# [Exercise goal]
The result should be a faithful copy of every entry below, with the pictures left out.

___ Study material ___

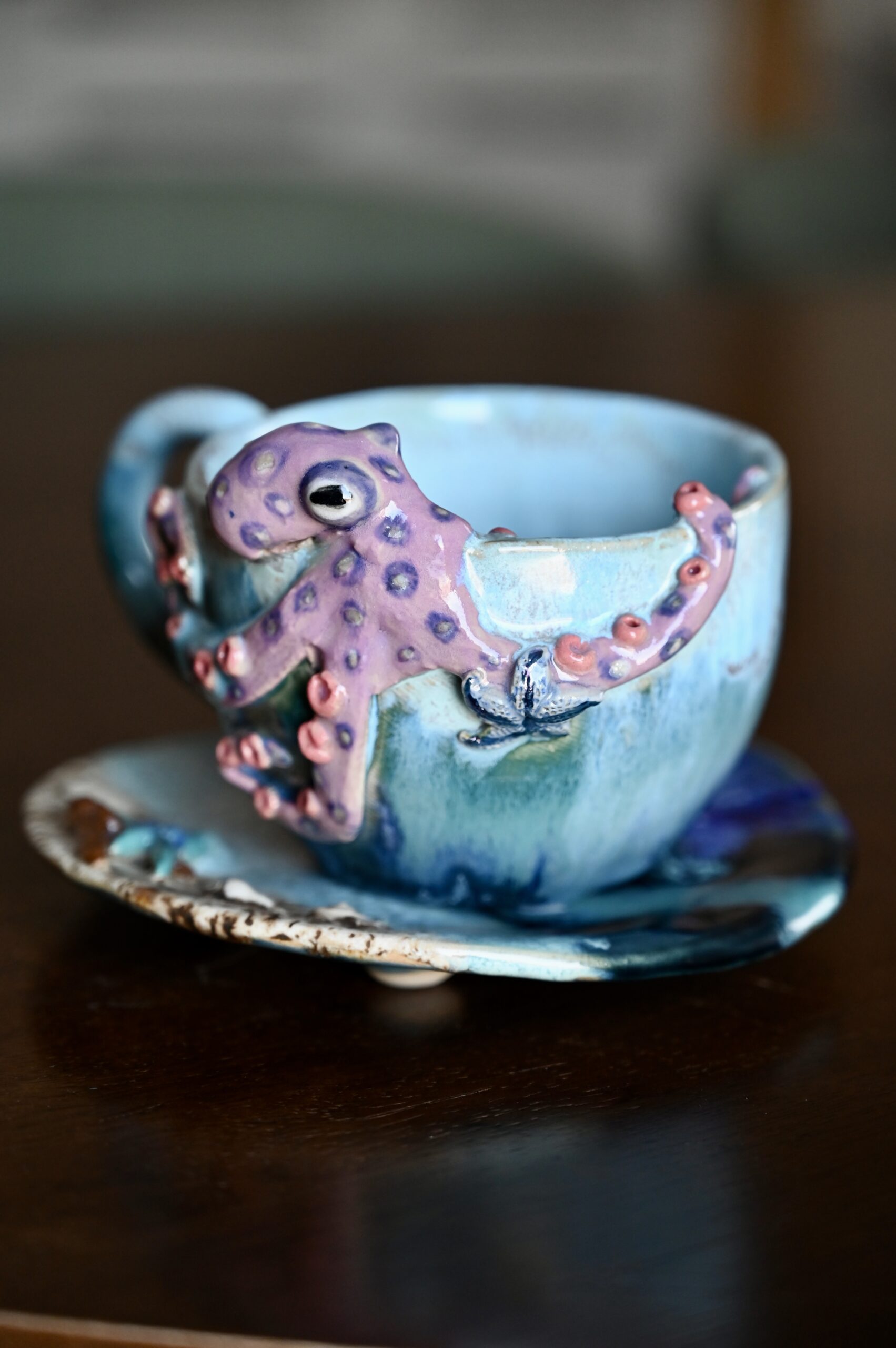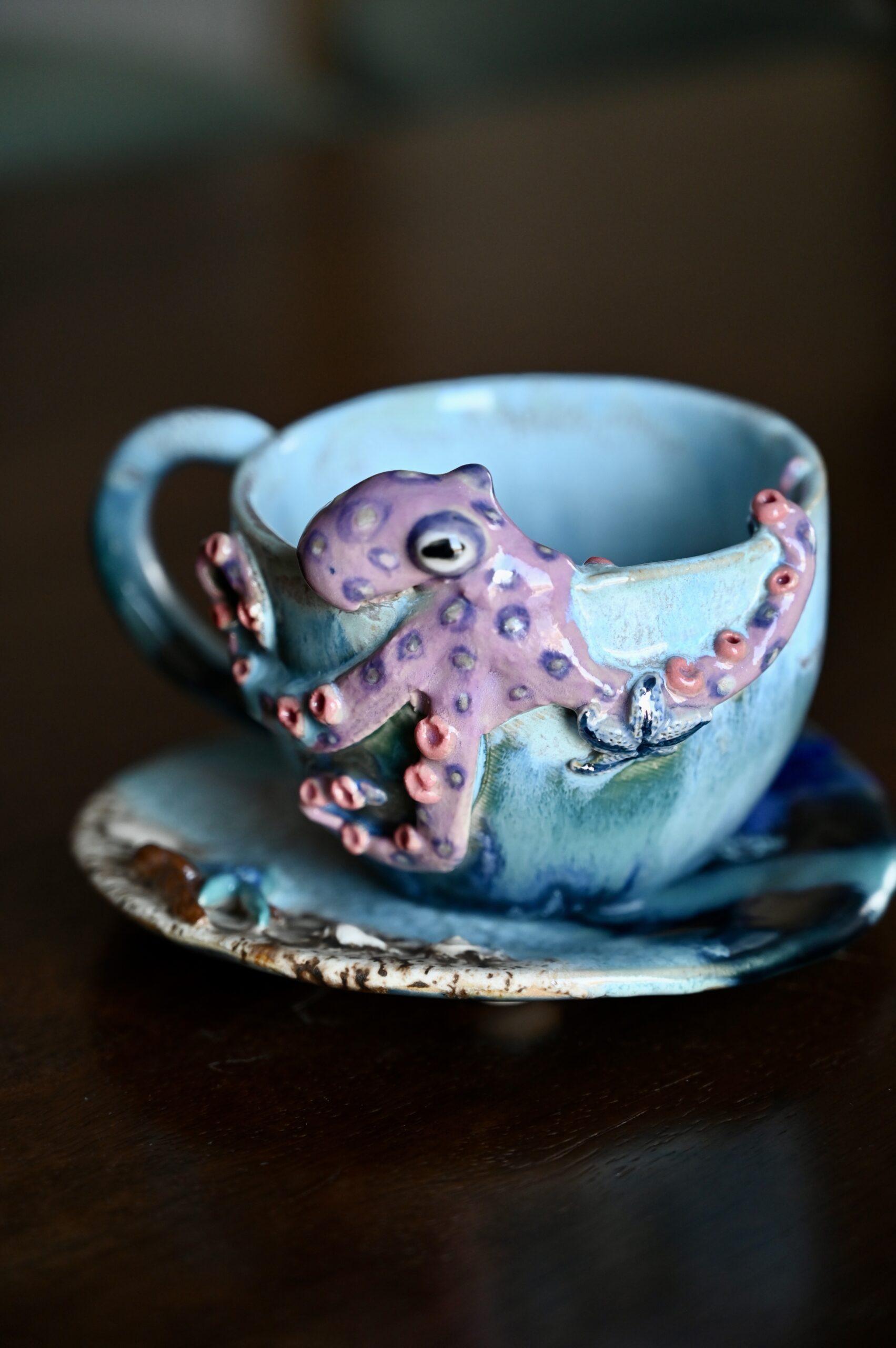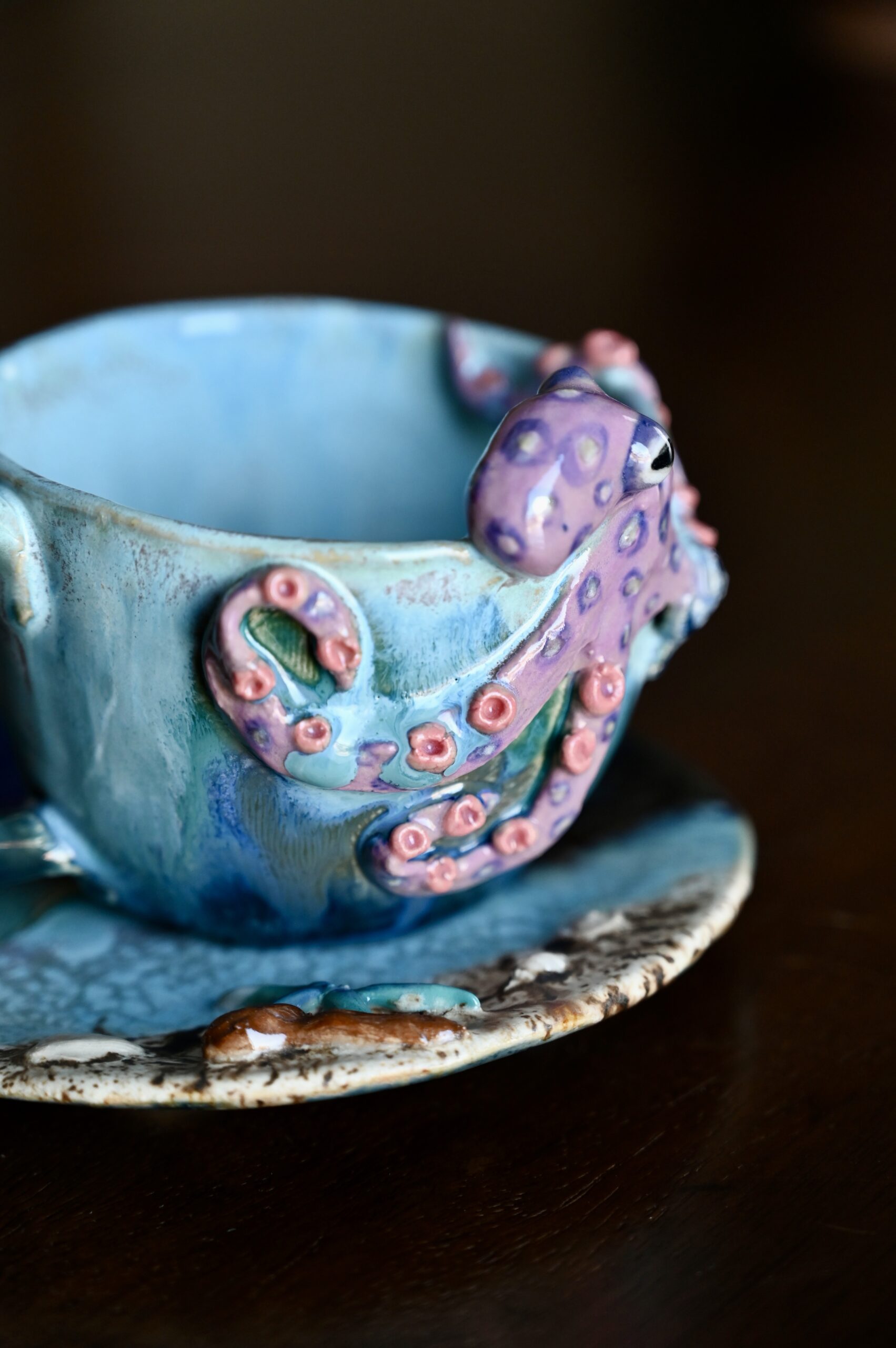 Ośmiornica oplata filiżankę, jakby chciała ją zatrzymać przy sobie.
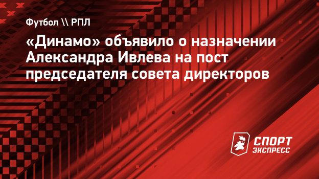 «Динамо» объявило о назначении Александра Ивлева на пост председателя совета директоров
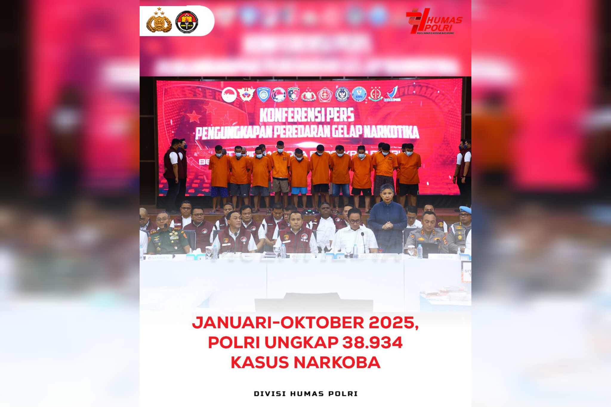 Jakarta | Jejakkriminal.com- Sepanjang Januari hingga Oktober 2025, Bareskrim Pori dan jajaran Polda berhasil mengungkap 38.934 kasus narkoba dengan total 51.763 tersangka, termasuk 157 warga negara asing dan 150 anak di bawah umur.
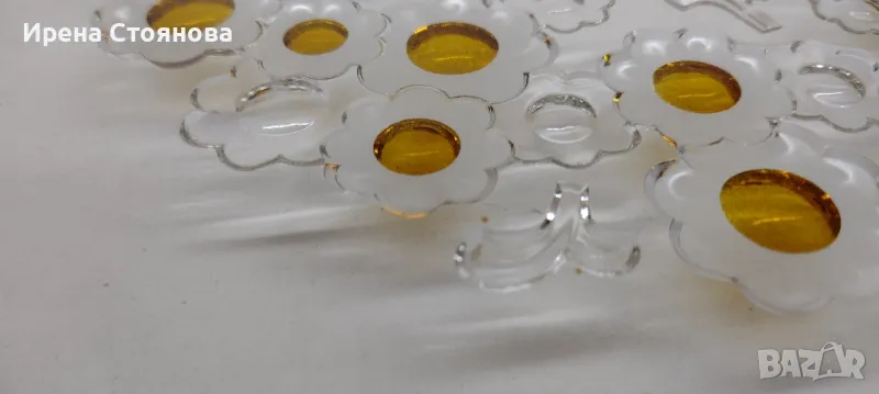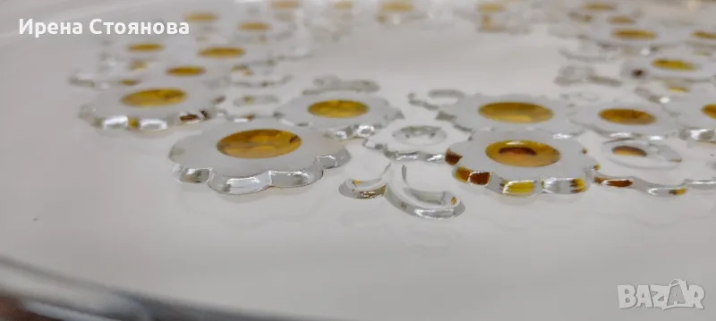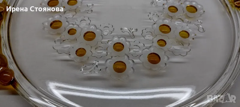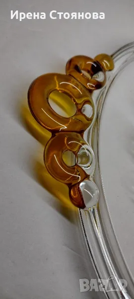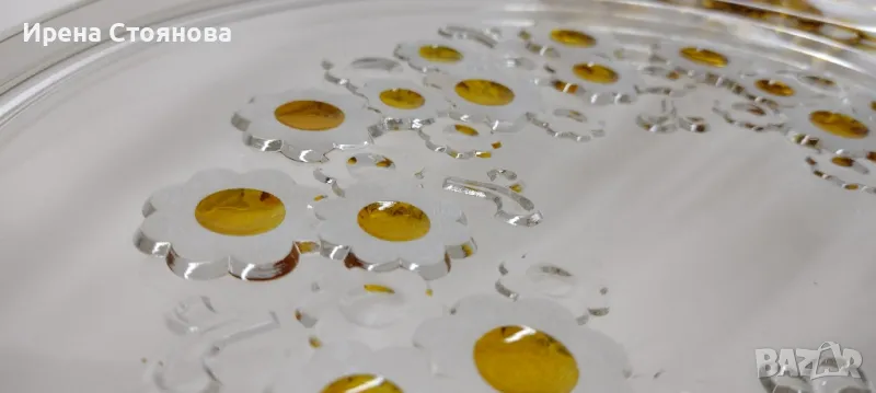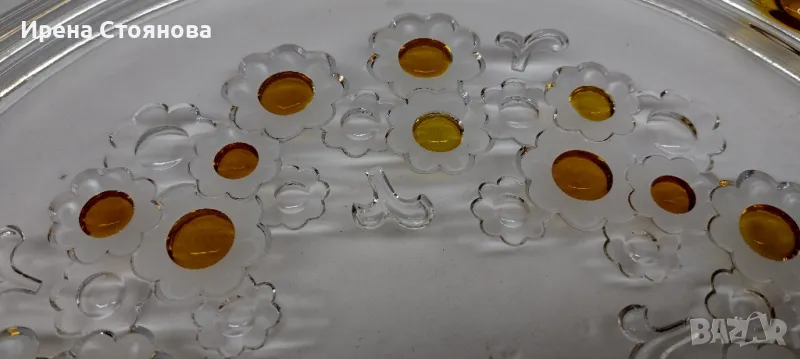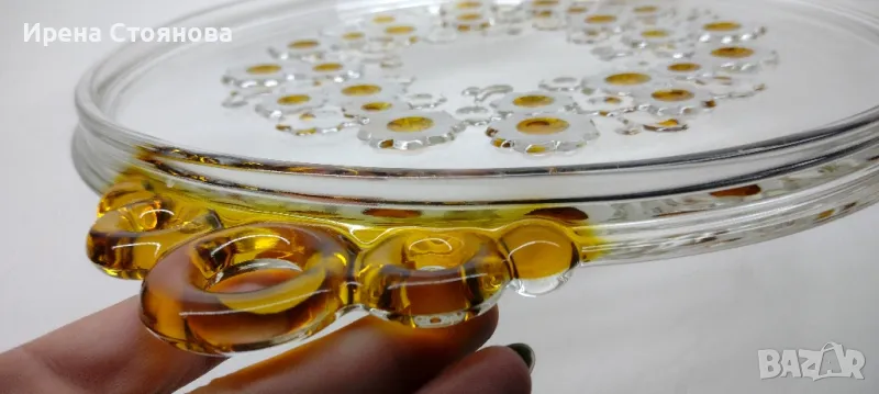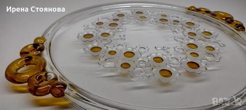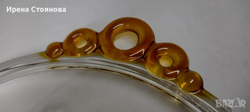 Красива, елегантна с тъмно жълти до кехлибарени цветове, Диаметър 30 см, с дръжки 37 см, височина 2,5 см. В много добро състояние, на места минимални, следи от употреба, две по забележими драскотини. Цена 55 лв.
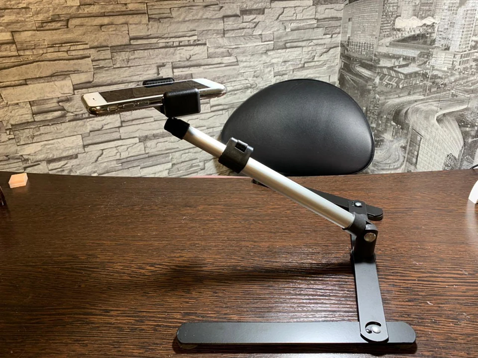 Штатив отличный! Регулируется положение от самого низкого (на поверхности стола) до вертикального. Ножки металлические. Работают как противовес.
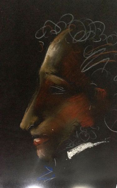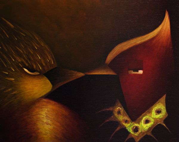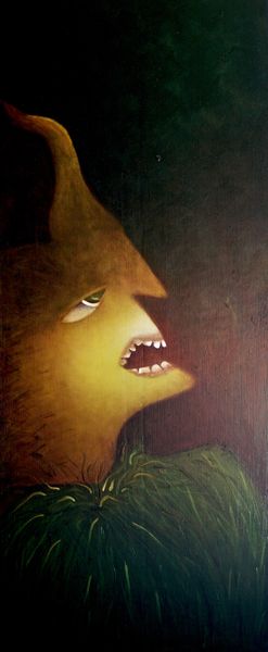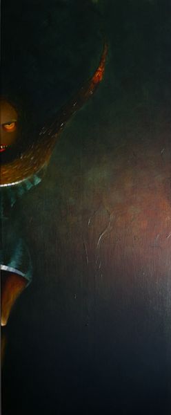 Curator: Okay, here we have "Aleijadinho Et Eius Proditores - Right Panel" painted by Paulo Tercio in 2014. Oil on… well, it certainly makes an impression! What are your first thoughts? Editor: Immediately striking – theatrical, even. The composition angles sharply upwards, pulling your eye along the figure. And the color… that acid yellow face against the murky ground feels so unsettling! Like a fever dream. Curator: Yes! It does lean into the surreal. It has elements of portraiture, but decidedly skewed. You see how the figure has this intense, almost caricatured expression, all sharp teeth and that singular, wide eye. Editor: Absolutely. The neo-expressionist brushwork contributes to this raw emotion. The materiality is really prominent, I notice the distinct strokes of the paint layering. It's so loose, yet it builds such a clear form. Curator: And the narrative is ambiguous, isn't it? “Aleijadinho Et Eius Proditores” refers to a famous Brazilian sculptor, and "Eius Proditores" translates as 'his traitors'. The painting presents, possibly, an allegory, exploring themes of betrayal or perhaps internal struggles within an artistic identity. Editor: I love the tension. Is this figure Aleijadinho himself, writhing in some kind of internal torment? That jagged collar reads as restriction, while the upward gaze suggests hope? Curator: Precisely. Or maybe desperation! I always get a visceral, emotional read on the face. Look at that horn-like feature – is it metaphorical or a sign of some grotesque transformation? Tercio pulls together recognizable forms, expressionist brushwork, but leaves the meaning deliciously elusive. It certainly demands your attention. Editor: Yes, and those subtle shifts in hue, particularly around the figure’s red garments, creates this unsettling feeling of…vibrancy. It draws you in and yet keeps you at bay. A challenging and really memorable piece. Curator: Yes, absolutely, I agree. It stays with you.

___

# [Answer to this exercise]
 Ośmiornica oplata filiżankę, jakby chciała ją zatrzymać przy sobie.
 «Динамо» объявило о назначении Александра Ивлева на пост председателя совета директоров
 Jakarta | Jejakkriminal.com- Sepanjang Januari hingga Oktober 2025, Bareskrim Pori dan jajaran Polda berhasil mengungkap 38.934 kasus narkoba dengan total 51.763 tersangka, termasuk 157 warga negara asing dan 150 anak di bawah umur.
 Красива, елегантна с тъмно жълти до кехлибарени цветове, Диаметър 30 см, с дръжки 37 см, височина 2,5 см. В много добро състояние, на места минимални, следи от употреба, две по забележими драскотини. Цена 55 лв.
 Штатив отличный! Регулируется положение от самого низкого (на поверхности стола) до вертикального. Ножки металлические. Работают как противовес.
 Curator: Okay, here we have "Aleijadinho Et Eius Proditores - Right Panel" painted by Paulo Tercio in 2014. Oil on… well, it certainly makes an impression! What are your first thoughts? Editor: Immediately striking – theatrical, even. The composition angles sharply upwards, pulling your eye along the figure. And the color… that acid yellow face against the murky ground feels so unsettling! Like a fever dream. Curator: Yes! It does lean into the surreal. It has elements of portraiture, but decidedly skewed. You see how the figure has this intense, almost caricatured expression, all sharp teeth and that singular, wide eye. Editor: Absolutely. The neo-expressionist brushwork contributes to this raw emotion. The materiality is really prominent, I notice the distinct strokes of the paint layering. It's so loose, yet it builds such a clear form. Curator: And the narrative is ambiguous, isn't it? “Aleijadinho Et Eius Proditores” refers to a famous Brazilian sculptor, and "Eius Proditores" translates as 'his traitors'. The painting presents, possibly, an allegory, exploring themes of betrayal or perhaps internal struggles within an artistic identity. Editor: I love the tension. Is this figure Aleijadinho himself, writhing in some kind of internal torment? That jagged collar reads as restriction, while the upward gaze suggests hope? Curator: Precisely. Or maybe desperation! I always get a visceral, emotional read on the face. Look at that horn-like feature – is it metaphorical or a sign of some grotesque transformation? Tercio pulls together recognizable forms, expressionist brushwork, but leaves the meaning deliciously elusive. It certainly demands your attention. Editor: Yes, and those subtle shifts in hue, particularly around the figure’s red garments, creates this unsettling feeling of…vibrancy. It draws you in and yet keeps you at bay. A challenging and really memorable piece. Curator: Yes, absolutely, I agree. It stays with you.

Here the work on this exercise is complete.